-- Supplied data follows --

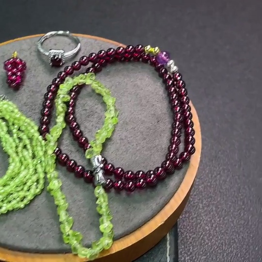 Garnet with synthetic accent stones + Peridot jewelry, non-gold, total weight approx. 36.17g, sell as a lot
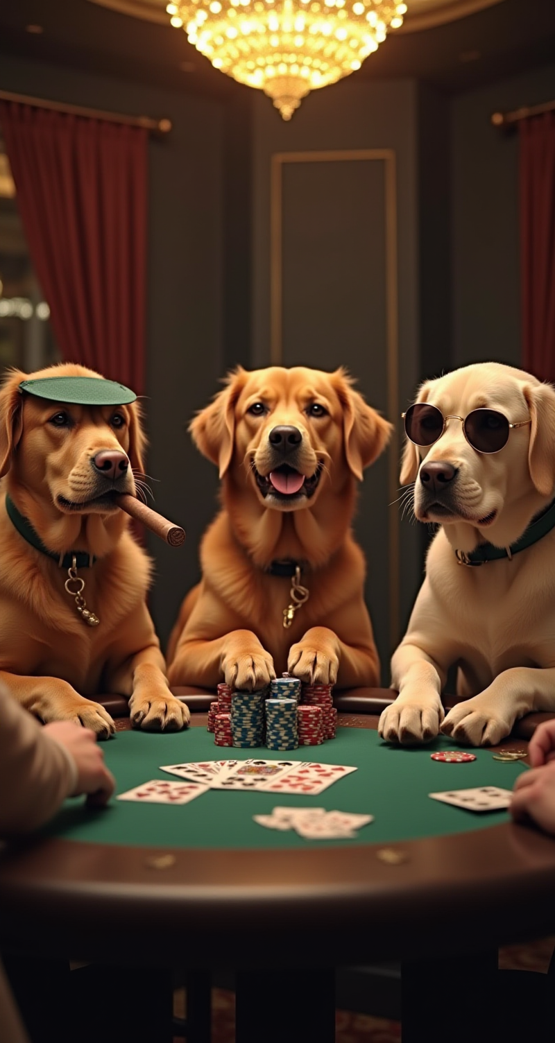 At a high-stakes poker table in a Las Vegas casino, a group of dogs—Golden Retrievers, Poodles, Bulldogs—are intensely focused on their game, each sitting upright in human-like postures. One dog is wearing a visor, another has a cigar hanging out of its mouth, and another is adjusting sunglasses. Piles of poker chips are stacked in front of them, while a Labrador nervously paws at his cards. The realism of the poker chips, card decks, and casino lighting makes the whole scene hilariously believable, as if this is just another night in Vegas.
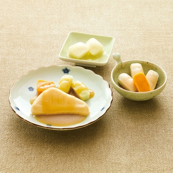 高栄養美味しさ簡便性にこだわったムース食のセットです。主菜1品副菜2品を組み合わせた昼夜向けのメニューです。トレイごと手軽に調理提供できます。主菜:鮭のちゃんちゃん焼き(銀鮭キャベツにんじんのムース)/副菜(大):れんこんの梅和え(れんこんにんじんのムース)/副菜(小):大根のコンソメ煮(大根のムース)
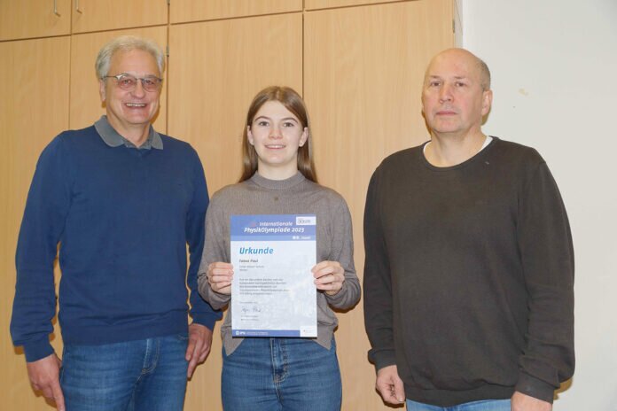 Tabea Paul qualifizierte sich in dem deutschlandweit ausgetragenen Wettkampf mit Experimenten und anspruchsvollen Theorieaufgaben für die zweite Runde, obwohl sie sich noch zwei Jahre vor dem Abitur befindet. Sie wurde mit einer Urkunde ausgezeichnet.
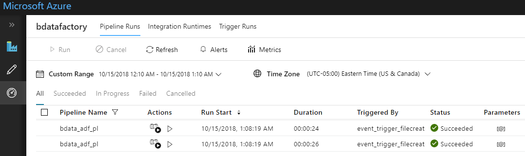 And once this all being done, I place two different data files into by Blob storage container and ADF Pipeline trigger successfully executes the same pipeline twice to load data into two separate tables:

-- Supplied data concluded --

Working from the listing above, retype it exactly but include no images.

 Garnet with synthetic accent stones + Peridot jewelry, non-gold, total weight approx. 36.17g, sell as a lot
 At a high-stakes poker table in a Las Vegas casino, a group of dogs—Golden Retrievers, Poodles, Bulldogs—are intensely focused on their game, each sitting upright in human-like postures. One dog is wearing a visor, another has a cigar hanging out of its mouth, and another is adjusting sunglasses. Piles of poker chips are stacked in front of them, while a Labrador nervously paws at his cards. The realism of the poker chips, card decks, and casino lighting makes the whole scene hilariously believable, as if this is just another night in Vegas.
 高栄養美味しさ簡便性にこだわったムース食のセットです。主菜1品副菜2品を組み合わせた昼夜向けのメニューです。トレイごと手軽に調理提供できます。主菜:鮭のちゃんちゃん焼き(銀鮭キャベツにんじんのムース)/副菜(大):れんこんの梅和え(れんこんにんじんのムース)/副菜(小):大根のコンソメ煮(大根のムース)
 Tabea Paul qualifizierte sich in dem deutschlandweit ausgetragenen Wettkampf mit Experimenten und anspruchsvollen Theorieaufgaben für die zweite Runde, obwohl sie sich noch zwei Jahre vor dem Abitur befindet. Sie wurde mit einer Urkunde ausgezeichnet.
 And once this all being done, I place two different data files into by Blob storage container and ADF Pipeline trigger successfully executes the same pipeline twice to load data into two separate tables:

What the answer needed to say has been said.